Abstract Critical illness describes the life-threatening state caused by immune dysfunction that can occur following traumatic injury, shock, burn or major surgery. Trauma-induced immune incompetence enhances susceptibility to secondary infections that are a significant cause of mortality in hospital ICUs. Neutrophils, the most abundant leukocyte in the circulation, are critical for host defense against bacterial and fungal pathogens, but they also induce bystander tissue injury due to the non-specific and cytotoxic nature of their antimicrobial arsenal. The effects of trauma on neutrophils contribute to immune dysfunction and include a significant deficit in neutrophil capacity to find and fight infection, coupled with a primed phenotype associated with inducing tissue damage. The long-term goals of my research program are to understand mechanisms of neutrophil recruitment and effector function in health and disease. This MIRA application describes our synergistic approaches to identifying and understanding mechanisms of neutrophil pathobiology during critical illness. First, we have established an innovative approach to derive neutrophils ex vivo that circumvents the technical barriers to their genetic modification. This enables us to perform multiplexed forward genetic screening using CRISPR-Cas9 in neutrophils, and thereby identify new mechanistic aspects of their recruitment (e.g., integrin activation) and antimicrobial function (e.g., phagocytosis). Second, we have established a mouse model of critical illness by respiratory infection secondary to hemorrhagic shock. As the lungs are particularly susceptible to infection secondary to trauma and are also prone to neutrophil-mediated injury, this model provides a means to evaluate new targets/strategies for promoting selective aspects of neutrophil function to enhance host defense without exacerbating tissue damage.
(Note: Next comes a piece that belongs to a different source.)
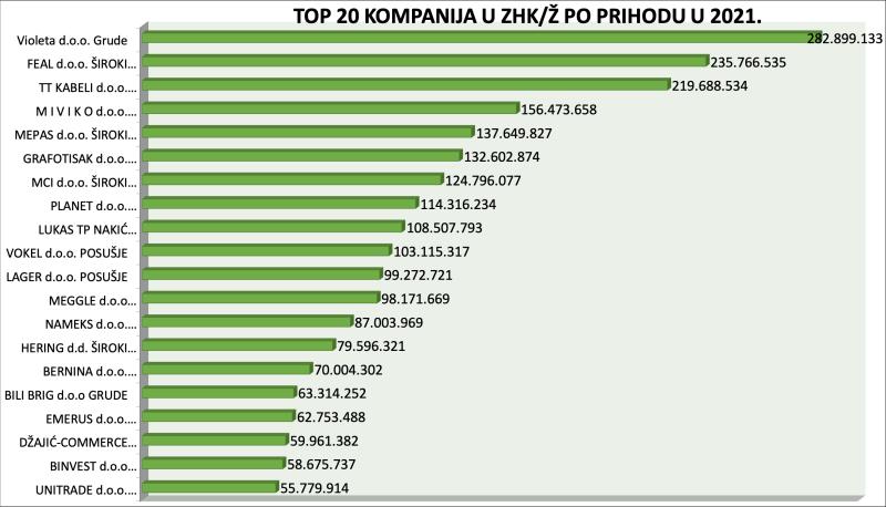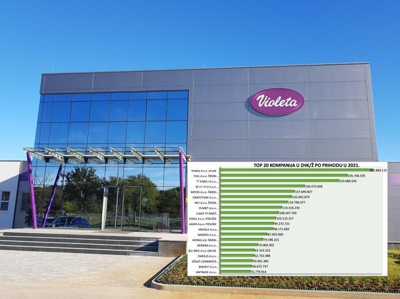 Kao i prethodnih godina Violeta je lider po prihodu u ŽZH s 282.899.133 KM, a slijede je FEAL s 235.766.535 KM i TT KABELI s 219.688.534 KM.

Finally, we will apply human trauma patient material (blood, plasma, lung fluid) to these approaches to probe disease-specific mechanisms of the neutrophil response. Since our studies will interrogate fundamental biological mechanisms, such as integrin activation, this work will also have broad impact on multiple fields. Together, these integrated approaches will address major knowledge gaps in neutrophil biology by spanning the molecular, cellular and organism/disease levels of experimentation.
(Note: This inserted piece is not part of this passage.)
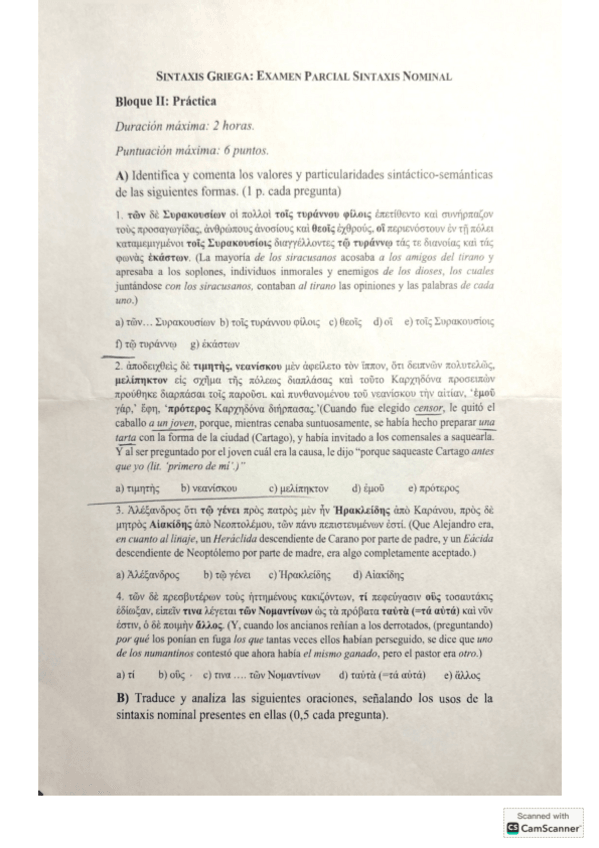 Examen parcial de sintaxis griega nominal (diciembre 25’)

抽象的 危重疾病描述了可能发生的由免疫功能障碍引起的危及生命的状态 外伤、休克、烧伤或重大手术后。创伤引起的免疫功能低下会增强 继发感染的易感性是医院 ICU 死亡的一个重要原因。中性粒细胞， 循环中最丰富的白细胞，对于宿主防御细菌和真菌病原体至关重要， 但由于其抗菌剂的非特异性和细胞毒性，它们也会引起旁观者组织损伤 兵工厂。创伤对中性粒细胞的影响会导致免疫功能障碍，并包括严重的缺陷 中性粒细胞发现和抵抗感染的能力，加上与诱导相关的启动表型 组织损伤。我的研究计划的长期目标是了解中性粒细胞的机制 健康和疾病中的募集和效应器功能。此 MIRA 应用程序描述了我们的协同作用 识别和理解危重病期间中性粒细胞病理学机制的方法。 首先，我们建立了一种创新的方法来体外获取中性粒细胞，从而规避了技术 其基因改造的障碍。这使我们能够使用以下方法进行多重正向遗传筛选 中性粒细胞中的 CRISPR-Cas9，从而识别其募集的新机制（例如，整合素 激活）和抗菌功能（例如吞噬作用）。其次，我们建立了小鼠模型 因呼吸道感染继发失血性休克的危重疾病。由于肺部特别 容易受到创伤继发感染的影响，并且也容易受到中性粒细胞介导的损伤，该模型 提供了一种评估新目标/策略的方法，以促进中性粒细胞功能的选择性方面 增强宿主防御而不加剧组织损伤。最后，我们将应用人体创伤患者 材料（血液、血浆、肺液）到这些方法中以探测疾病特异性机制 中性粒细胞反应。由于我们的研究将探讨基本的生物机制，例如整合素 激活后，这项工作也将在多个领域产生广泛的影响。这些综合方法共同将 通过跨越分子、细胞和生物体/疾病来解决中性粒细胞生物学的主要知识空白 实验水平。